Подумав о Беголю с четырьмя собаками и о Лине с кошками, Джейн ответила, что такая история уже написана: Феличите и ее попугай в «Простом сердце» Флобера.
Весна была в самом разгаре. Птицы стайками садились на мокрую землю, чтобы поклевать крошки по краям лужиц, повсюду пробивалась зеленая травка, на голых ветках появлялись острые листочки, а на магнолии, росшей прямо у входа в дом, распустились первые бутоны. В сквере, недалеко от площади Колумба, расцвели вишни, и их сплетенные ветви образовали великолепную арку из белоснежных кружев, нависшую над центральной аллеей.
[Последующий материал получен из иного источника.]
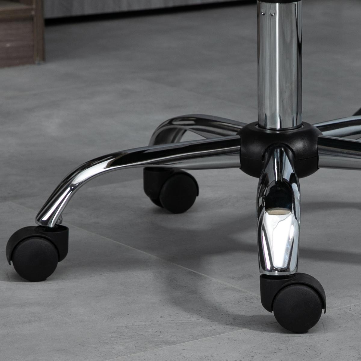 Keep comfortable while working all day with this Vinsetto mesh office chair. A padded sponge seat keeps you comfortable while seated, the mesh back is breathable. The slightly curved back offers support as you lean back. A steel base for weighted balance, with five wheels to move around easily. No arms means this swivel chair fits underneath your desk at any height. A compact design is ideal for small places.

Каждое утро Джейн просыпалась с улыбкой, сгорая от нетерпения получить новое сообщение. Что это было? Весенняя лихорадка? В Сан-Диего всю зиму была весна. Алекс жил на берегу океана — прямо на пляже. Джейн представляла вид из его окон и кабинет на втором этаже. Он написал ей, что в его доме только два этажа. Между ними было одно существенное различие: он ненавидел воду и никогда не плавал ни в океане, ни в бассейне.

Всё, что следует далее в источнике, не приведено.